I do have fun with the bargain barrel at wally world...


----------



## paint it black (Nov 3, 2007)

lol I still cant believe my rod broke. The first time I took it out. I had rigged the top section off another rod, but it didn't work for too long. lol The problem with this rod, it doesnt have as much action, so I can't get good cast. It slings the fly toward me instead of away from me like my fly rod did. My girlfriend said she's going to buy me an 8wt fly rod as a deal we did (she crashed a truck at work and I had to fix it...lol) but she's stalling. She keeps saying "next week". So I refuse to buy myself one. I need something heavy enough to fight a big peacock, snook, and tarpon. And I plan on using it for salt water too, so who knows what I might get on there.


----------



## HaMm3r (Dec 11, 2006)

That's outstanding man! [smiley=1-thumbsup1.gif] A big congratulations to you. [smiley=1-beer.gif]

Now that you've done it once, be prepared for the real frustration and joy this branch of the sport can bring. ;D Oh, you better get a second job too.


----------



## galleta_loco (Sep 2, 2007)

Here is a neat old wright mcgill pack rod i recently aquired shown in both configurations you just turn the grip around


----------



## skinny_water (Jun 11, 2008)

> That's outstanding man! [smiley=1-thumbsup1.gif] A big congratulations to you. [smiley=1-beer.gif]
> 
> Now that you've done it once, be prepared for the real frustration and joy this branch of the sport can bring. ;D Oh, you better get a second job too.


x2, it is a vicious circle.


----------



## Un-shore (Sep 27, 2007)

I think you just invented a carbine flyrod for fighting close quarters in the bush!


----------



## pescador72 (Aug 6, 2008)

congrats thats a nice peacock.


----------



## jchin7 (May 17, 2018)

congrats on the first fish on the fly.


----------



## Smackdaddy53 (Dec 31, 2012)

jchin7 said:


> congrats on the first fish on the fly.


Dude’s been fly fishing since 2009 but better late than never! Congratulations on your 20th post, you can post your classified ad now!


----------



## fishnpreacher (Jul 28, 2018)

Smackdaddy53 said:


> Dude’s been fly fishing since 2009 but better late than never! Congratulations on your 20th post, you can post your classified ad now!

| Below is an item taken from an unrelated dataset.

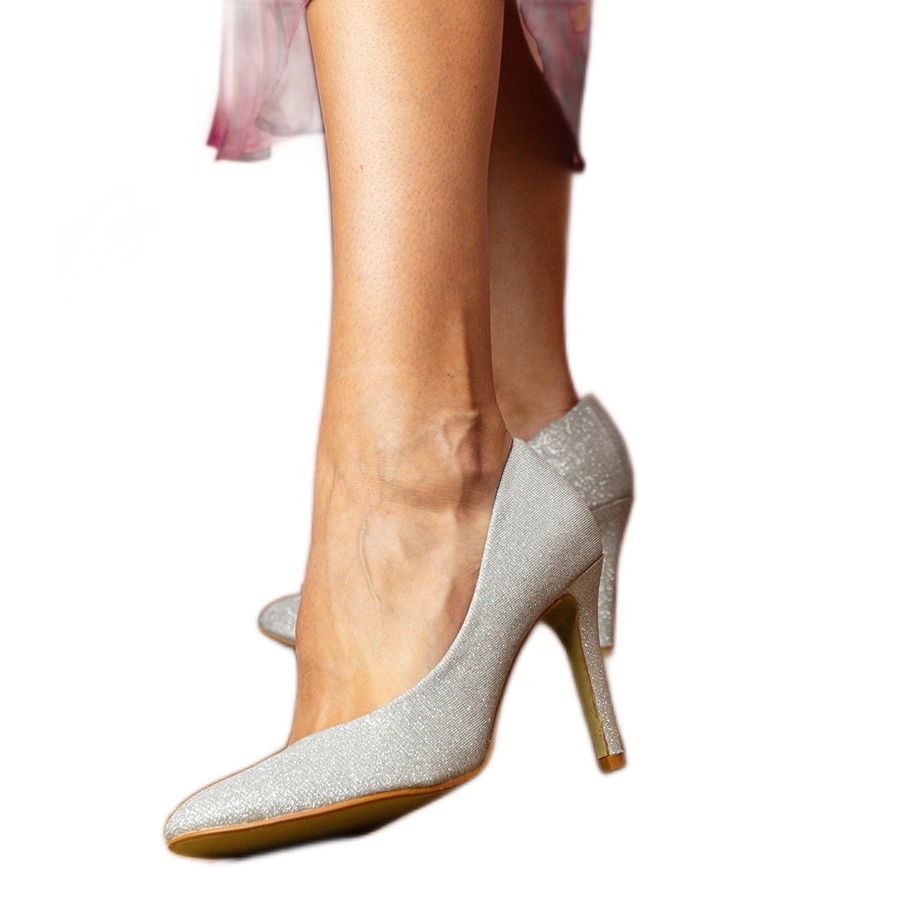 Glitterfinishen i silver gör pumpar idealiska för många speciella tillfällen - från eleganta bröllop, genom tillfälliga händelser, till romantiska kvällar. En klassisk mandeltå och en bekväm slip -i -fästning ger inte bara estetiskt utseende, utan också komfort att bära.

I saw about 15 responses here and the name jchin7 on every one of them and my first thought was "Wonder what he's wanting to sell?" I hate weeding thru all the junk to find a real reply.


----------



## JaxFishingAdventures (Dec 8, 2021)

Smackdaddy53 said:


> Dude’s been fly fishing since 2009 but better late than never! Congratulations on your 20th post, you can post your classified ad now!


😂😂
I'm after 20 just to be able to comment on stuff for sale!


----------



## Smackdaddy53 (Dec 31, 2012)

JaxFishingAdventures said:


> 😂😂
> I'm after 20 just to be able to comment on stuff for sale!


Congratulations. Post your phone number so I can call and give you lowball offers and kick tires in many different voices. I have your number puto!


----------



## JaxFishingAdventures (Dec 8, 2021)

Smackdaddy53 said:


> Congratulations. Post your phone number so I can call and give you lowball offers and kick tires in many different voices. I have your number puto!


I'm not selling anything. And I never post my real number, just a Google voice one 👍🏼


----------